When you reach the line in the listing below that contains "Fotobehang Monster Premium", begin returning lines exactly as written, and stop after the line that contains "O Cabide Plástico". Return no other lines.

▶ _INFORMATION_
+++++

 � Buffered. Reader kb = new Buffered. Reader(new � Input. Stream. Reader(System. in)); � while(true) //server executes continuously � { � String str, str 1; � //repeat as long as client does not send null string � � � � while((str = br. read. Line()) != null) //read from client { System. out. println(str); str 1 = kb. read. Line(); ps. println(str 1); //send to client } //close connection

+++++

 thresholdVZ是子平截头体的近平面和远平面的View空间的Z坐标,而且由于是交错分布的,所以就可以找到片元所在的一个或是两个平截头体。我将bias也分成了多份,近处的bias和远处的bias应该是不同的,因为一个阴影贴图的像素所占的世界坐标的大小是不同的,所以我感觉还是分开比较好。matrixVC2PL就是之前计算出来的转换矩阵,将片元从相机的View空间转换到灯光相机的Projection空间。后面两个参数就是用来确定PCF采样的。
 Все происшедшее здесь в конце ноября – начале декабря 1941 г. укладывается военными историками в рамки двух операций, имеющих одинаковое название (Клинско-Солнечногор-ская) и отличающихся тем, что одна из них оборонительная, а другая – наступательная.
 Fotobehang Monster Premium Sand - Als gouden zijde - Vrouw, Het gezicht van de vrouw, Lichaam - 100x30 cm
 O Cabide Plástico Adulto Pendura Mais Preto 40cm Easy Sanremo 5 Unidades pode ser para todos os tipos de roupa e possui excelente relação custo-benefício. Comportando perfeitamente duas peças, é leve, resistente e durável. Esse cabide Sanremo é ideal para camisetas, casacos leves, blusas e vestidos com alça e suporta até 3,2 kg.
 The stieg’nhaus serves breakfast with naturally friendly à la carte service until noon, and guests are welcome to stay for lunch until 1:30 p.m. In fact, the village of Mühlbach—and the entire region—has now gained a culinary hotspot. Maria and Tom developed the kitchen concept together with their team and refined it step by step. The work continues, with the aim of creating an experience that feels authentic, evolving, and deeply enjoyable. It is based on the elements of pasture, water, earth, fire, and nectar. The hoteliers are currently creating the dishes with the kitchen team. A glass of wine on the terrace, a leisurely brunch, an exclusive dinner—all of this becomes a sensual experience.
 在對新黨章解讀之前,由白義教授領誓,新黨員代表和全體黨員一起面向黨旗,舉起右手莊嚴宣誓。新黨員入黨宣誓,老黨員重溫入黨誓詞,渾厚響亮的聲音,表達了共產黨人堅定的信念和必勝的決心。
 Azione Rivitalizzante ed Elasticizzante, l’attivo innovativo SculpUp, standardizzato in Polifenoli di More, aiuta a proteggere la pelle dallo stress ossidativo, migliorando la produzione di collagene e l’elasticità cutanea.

+++++

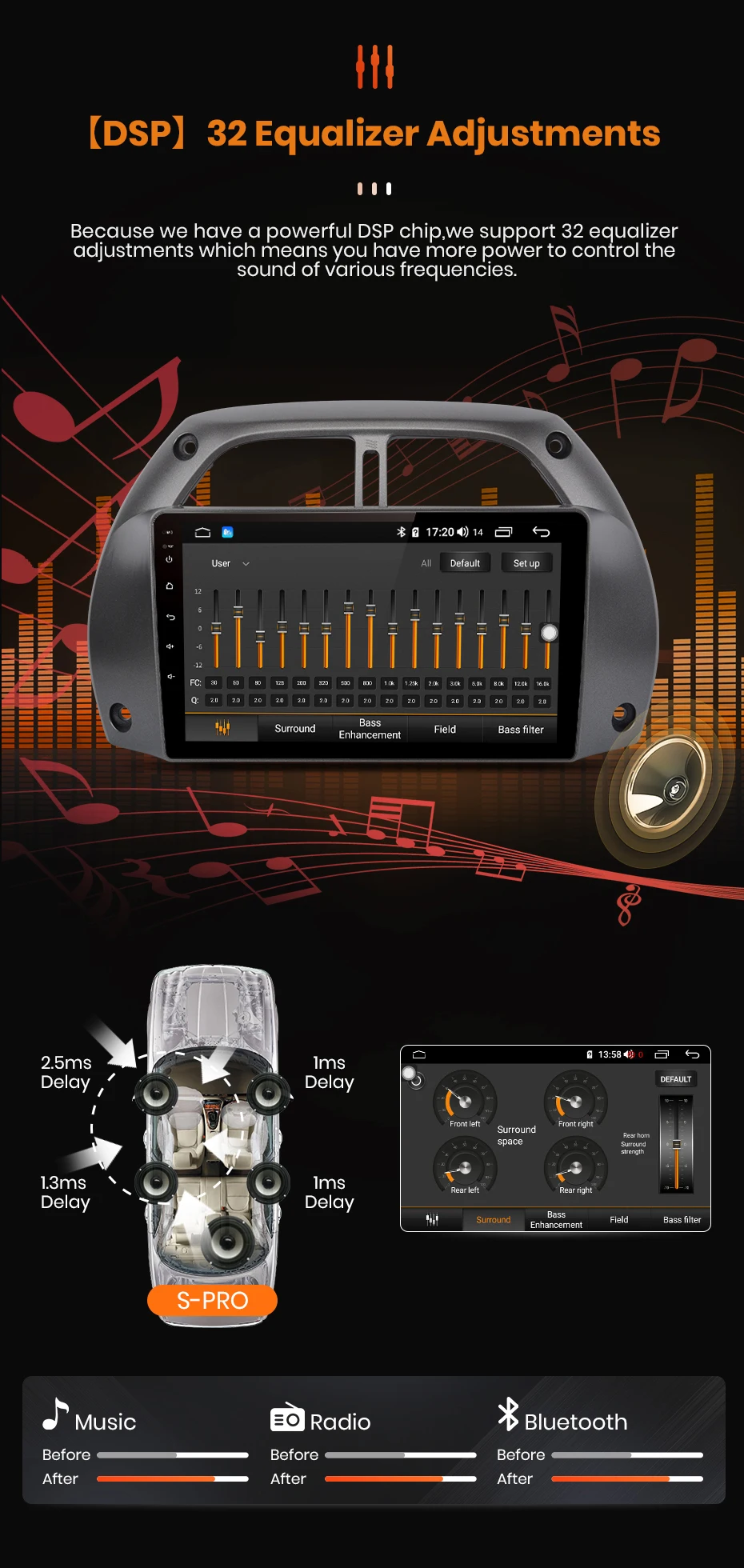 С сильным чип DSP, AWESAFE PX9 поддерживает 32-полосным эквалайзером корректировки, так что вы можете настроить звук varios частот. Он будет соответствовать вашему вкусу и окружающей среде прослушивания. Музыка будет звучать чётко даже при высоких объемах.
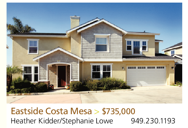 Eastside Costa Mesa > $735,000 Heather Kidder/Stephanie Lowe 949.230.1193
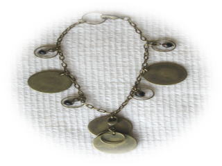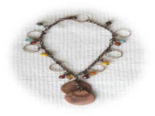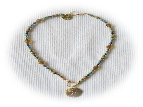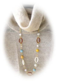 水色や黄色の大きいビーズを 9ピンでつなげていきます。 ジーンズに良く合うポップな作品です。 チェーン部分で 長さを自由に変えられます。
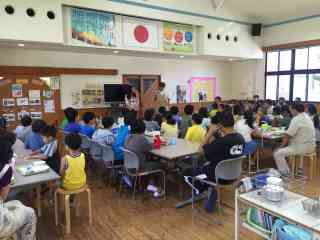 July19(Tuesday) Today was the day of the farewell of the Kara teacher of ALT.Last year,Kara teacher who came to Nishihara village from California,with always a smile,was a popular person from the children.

+++++

▶ _RESPONSE BOX_
 Fotobehang Monster Premium Sand - Als gouden zijde - Vrouw, Het gezicht van de vrouw, Lichaam - 100x30 cm
 O Cabide Plástico Adulto Pendura Mais Preto 40cm Easy Sanremo 5 Unidades pode ser para todos os tipos de roupa e possui excelente relação custo-benefício. Comportando perfeitamente duas peças, é leve, resistente e durável. Esse cabide Sanremo é ideal para camisetas, casacos leves, blusas e vestidos com alça e suporta até 3,2 kg.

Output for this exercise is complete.